Qualcomm besitzt dem Bericht zufolge einen Großteil der Patente für die Mobilfunktechnik der dritten Generation, die in Deutschland dem UMTS-Standard entspreche, und verlange Lizenzgebühren für diese Technik. Nokia halte diese Gebühren für überzogen. Damit stehe die Firma nicht allein: Auch andere Gerätehersteller wie Panasonic beklagten die aus ihrer Sicht zu hohen Gebühren für Qualcomms Lizenzen und würfen den Amerikanern vor, sie würden ihre monopolartige Stellung ausnutzen. In der EU und in Südkorea seien die Kartellbehörden mittlerweile mit den Fällen befasst.

"Ich habe Nokia vorgeschlagen, dass wir kooperieren und gemeinsam an neuen Lösungen arbeiten. Schließlich könnten wir zusammen einen riesigen Teil des Markts abdecken und sehr erfolgreich sein", sagte Jacobs. Nokia habe das jedoch abgelehnt.

Aber auch die Finnen sind dem Bericht zufolge offenbar weiterhin an einer außergerichtlichen Lösung interessiert. Eine Konzernsprecherin habe gesagt, dass die Verhandlungen fortgesetzt würden. Unser Ziel ist es, dass beide Unternehmen rechtzeitig eine akzeptable Einigung erzielen werden. Die Zeit dafür wird aber langsam knapp, hieß es in dem Bericht weiter: Die bestehenden Verträge zwischen Qualcomm und Nokia liefen am 9. April aus. Experten seien sich einig darin, dass Nokia ohne eine Einigung dann die Zahlungen an Qualcomm einstellen werde, die entsprechenden Lizenzgelder aber wegen der ungeklärten Rechtslage auf einem separaten Konto parke.
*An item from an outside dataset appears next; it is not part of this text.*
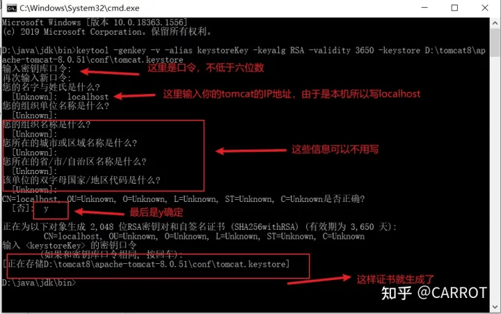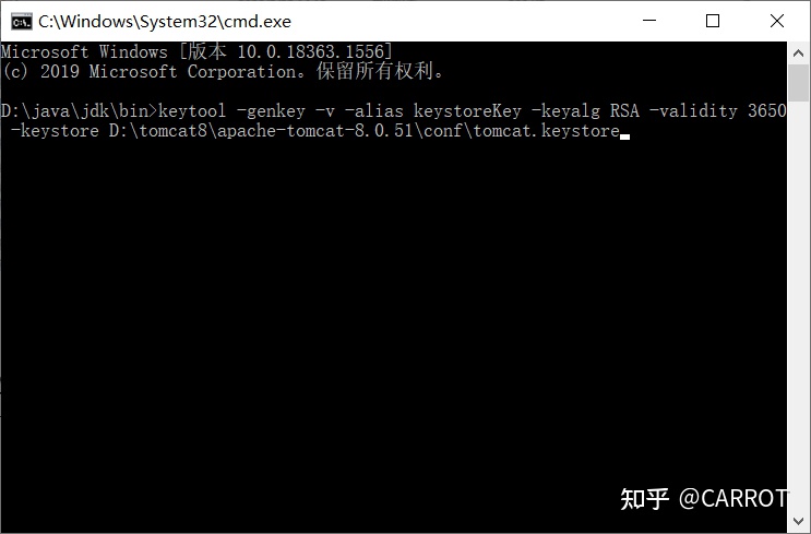 然后在窗口輸入這個命令:keytool -genkey -v -alias keystoreKey -keyalg RSA -validity 3650 -keystore D:\tomcat8\apache-tomcat-8.0.51\conf\tomcat.keystore

Der Streit hat dem Bericht zufolge aber noch eine größere Dimension. Dabei geht es um die Frage, inwieweit ein Unternehmen künftig überhaupt noch Einzelpatente für komplexe Technologien beanspruchen kann, die aus mehreren hundert Patenten bestehen, sagt Helena Nordman-Knutsson von Öhman Equities in Stockholm der Zeitung. (dpa/tc)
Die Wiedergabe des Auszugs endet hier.